▸ **Available data**:
--
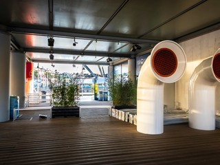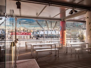 Un progetto che punta alla valorizzazione di un’eccellenza cittadina anche attraverso la riqualificazione dell’area di ponente del Porto Antico. In questo senso hanno ricoperto un ruolo importante anche le operazioni di rifacimento dello spazio frontale dell’edificio, con la realizzazione di un dehor dedicato in parte all’accoglienza di gruppi e scuole, con accesso libero, e in parte come pertinenza del punto ristoro riservato ai clienti della Città dei Bambini e dei Ragazzi e dell’Acquario.
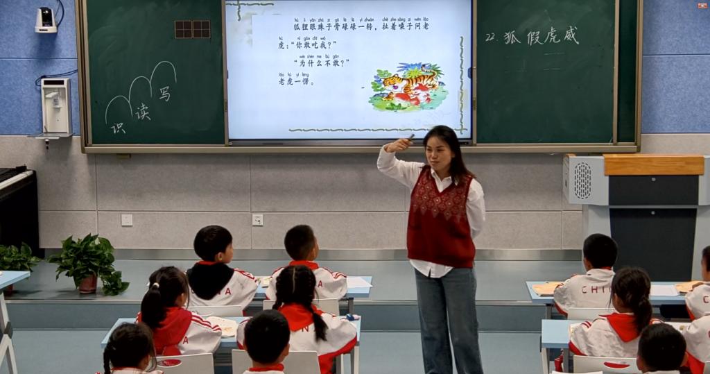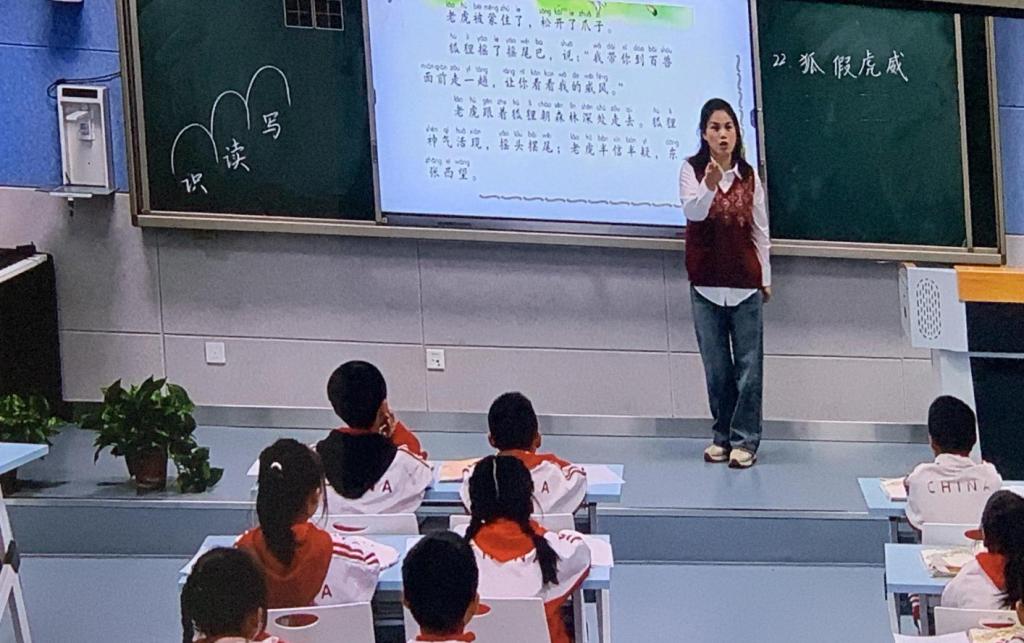 11月10号下午第一节课,阜阳市莲池小学刘琪执教二年级上册22课《狐假虎威》第一课时。她引导学生借助多种识字方法自主识字,在把课文读通读顺的基础上理解“狐假虎威”这个成语的意思。教学中她紧扣语言训练,培养了文化自信,提高了孩子的思维能力和审美创造。在教学内容板块的安排中,分为三个任务群,一、识字环节引导学生对语言文字进行了梳理;二、读文后理解成语的意思体现了实用性阅读与交流;三、表达对故事人物的看法恰恰是思辨性阅读与交流的呈现。
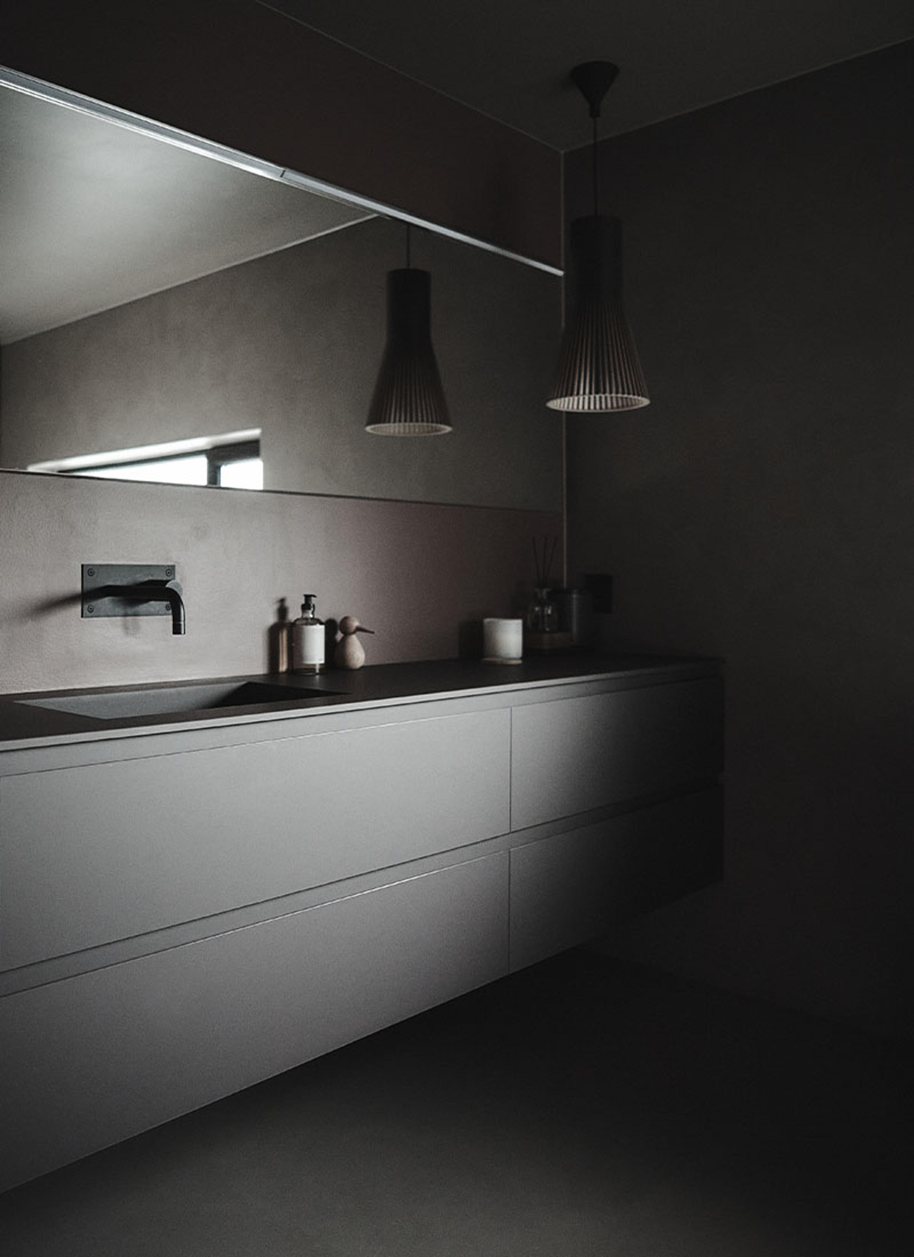 Da det var på tide å pusse opp badet, gikk June og Bern for en totalrenovering. Resultatet ble et moderne og stilig bad med mikrosement som gir følelse av velvære.
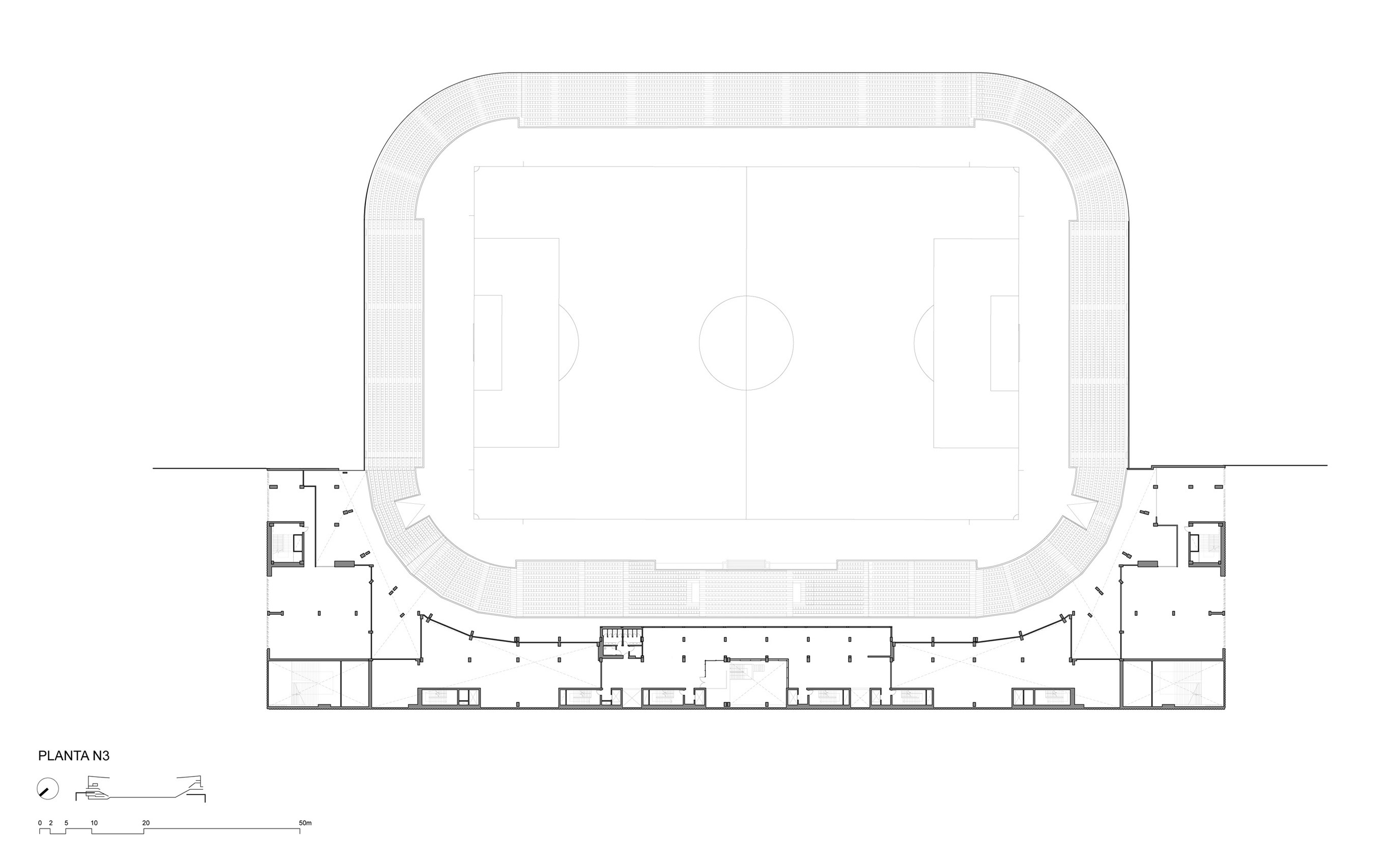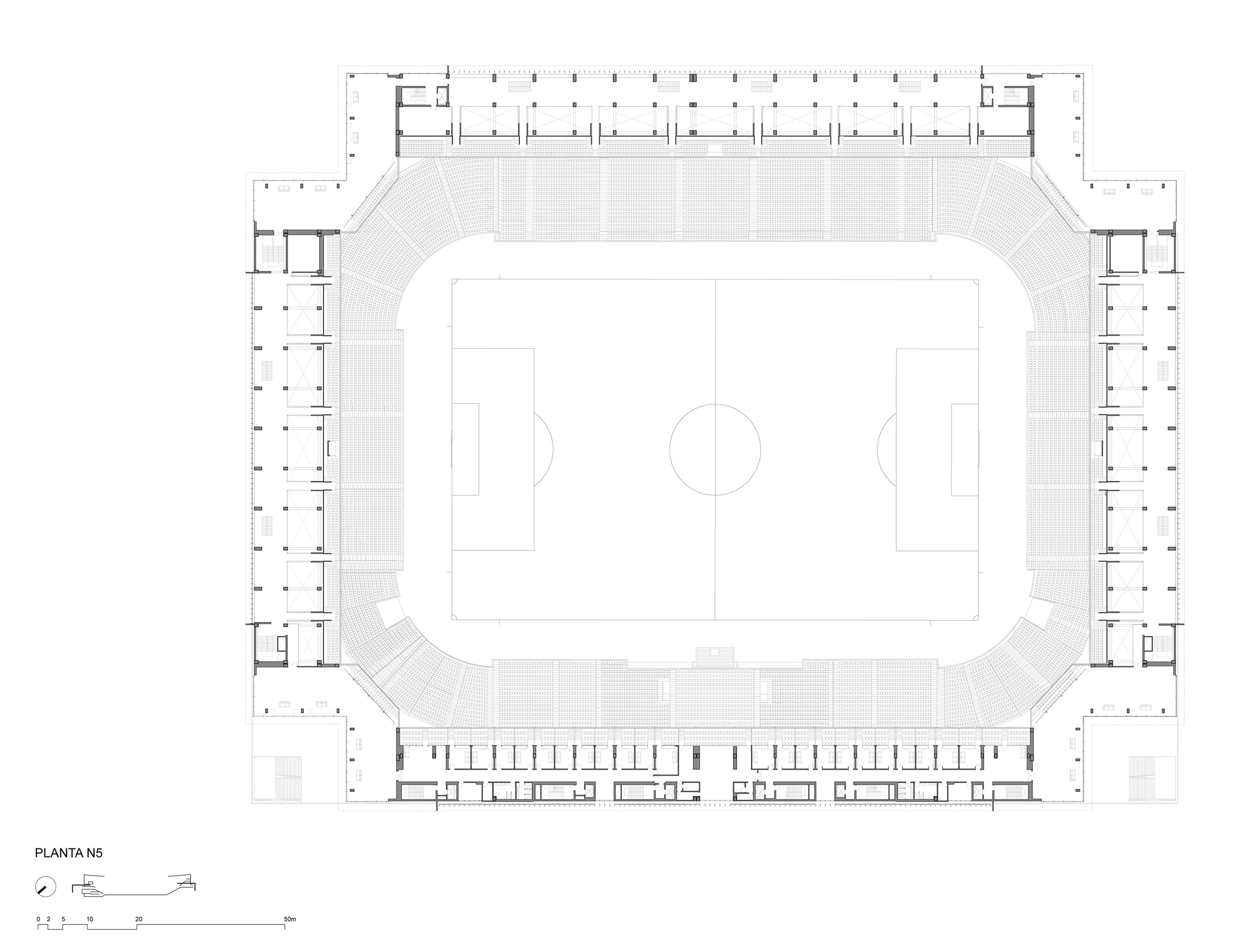 A continuous boulevard is designed that allows access to all the upper part of the lower stands and that represents the line that separates what is linked to the ground from what is elevated. The new volumetric configuration will allow the stadium to go from being open to being closed covering the stands, generating a better football atmosphere, better acoustics and greater comfort for spectators. The stadium will also be 7/365, economically sustainable and with a wide range of hospitality activities.
--
▸ **Task instructions**: Quote each line of the listing exactly, but leave the pictures out.

▸ **Result of the exercise**:
 Un progetto che punta alla valorizzazione di un’eccellenza cittadina anche attraverso la riqualificazione dell’area di ponente del Porto Antico. In questo senso hanno ricoperto un ruolo importante anche le operazioni di rifacimento dello spazio frontale dell’edificio, con la realizzazione di un dehor dedicato in parte all’accoglienza di gruppi e scuole, con accesso libero, e in parte come pertinenza del punto ristoro riservato ai clienti della Città dei Bambini e dei Ragazzi e dell’Acquario.
 11月10号下午第一节课,阜阳市莲池小学刘琪执教二年级上册22课《狐假虎威》第一课时。她引导学生借助多种识字方法自主识字,在把课文读通读顺的基础上理解“狐假虎威”这个成语的意思。教学中她紧扣语言训练,培养了文化自信,提高了孩子的思维能力和审美创造。在教学内容板块的安排中,分为三个任务群,一、识字环节引导学生对语言文字进行了梳理;二、读文后理解成语的意思体现了实用性阅读与交流;三、表达对故事人物的看法恰恰是思辨性阅读与交流的呈现。
 Da det var på tide å pusse opp badet, gikk June og Bern for en totalrenovering. Resultatet ble et moderne og stilig bad med mikrosement som gir følelse av velvære.
 A continuous boulevard is designed that allows access to all the upper part of the lower stands and that represents the line that separates what is linked to the ground from what is elevated. The new volumetric configuration will allow the stadium to go from being open to being closed covering the stands, generating a better football atmosphere, better acoustics and greater comfort for spectators. The stadium will also be 7/365, economically sustainable and with a wide range of hospitality activities.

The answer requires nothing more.